Hier, jeudi 15 octobre, se tenait la Journée mondiale de sensibilisation au deuil périnatal. Tabou de la perte d’un tout-petit, incompréhension de l’entourage vis-à-vis de la tristesse des parents pour un enfant qui n’a pas vécu… Difficile de faire son deuil sans être accompagné dans cette épreuve. Les parents sont alors nombreux à construire eux-mêmes leur résilience, sur des forums Internet ou dans des associations de parole.

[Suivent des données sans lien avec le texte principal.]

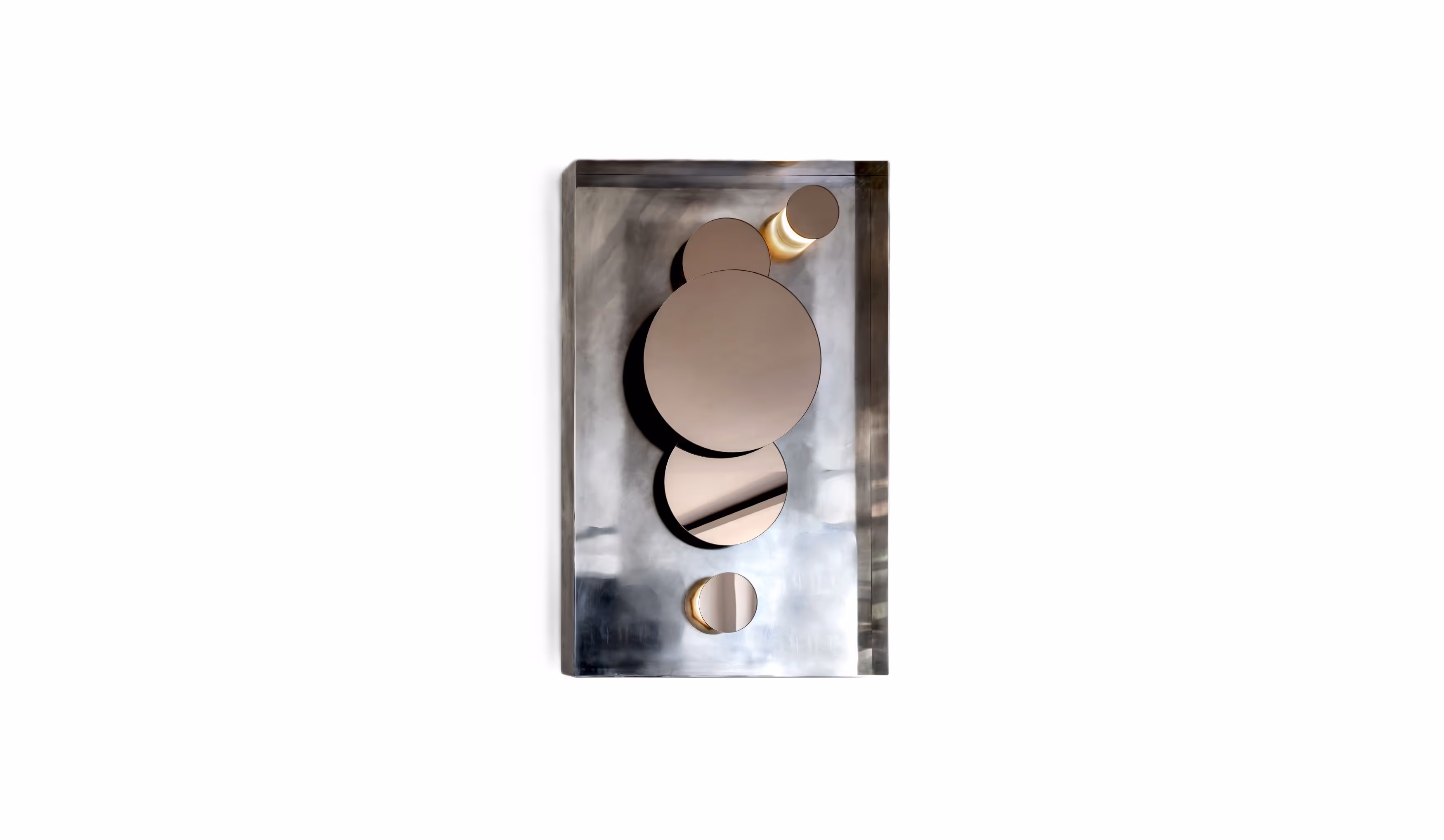 Radiating charismatic luminosity, the Solar mirror is a planetary constellation of rim lit mirror discs mounted on an etched brass base. Seen from different angles, the mirrors create a series of dimensional haloes and eclipses that appear to orbit one another in rotation like our solar system.

Petite Émilie dans l’Ain, Locomotive – Aurore à Grenoble, Nos tout petits d’Alsace, Hespéranges en Essonne, Association a nostre stellucce en Corse, Les Ailes d’anges en Haute-Loire… Nombreuses sont les associations locales accompagnant le deuil périnatal qui touche en moyenne sept mille familles françaises chaque année. La Journée mondiale de sensibilisation au deuil périnatal – qui s’est tenue hier, le 15 octobre – encourage ces initiatives associatives nées pour combler le manque de prise en charge de la part des professionnel·les de santé comme des pouvoirs publics que subissent les parents endeuillés. Car au-delà du cataclysme de quitter l’hôpital le ventre et les bras vides, le tabou, le manque cruel de considération et le flou juridique autour des droits sociaux parentaux sont autant de charges émotionnelles supplémentaires.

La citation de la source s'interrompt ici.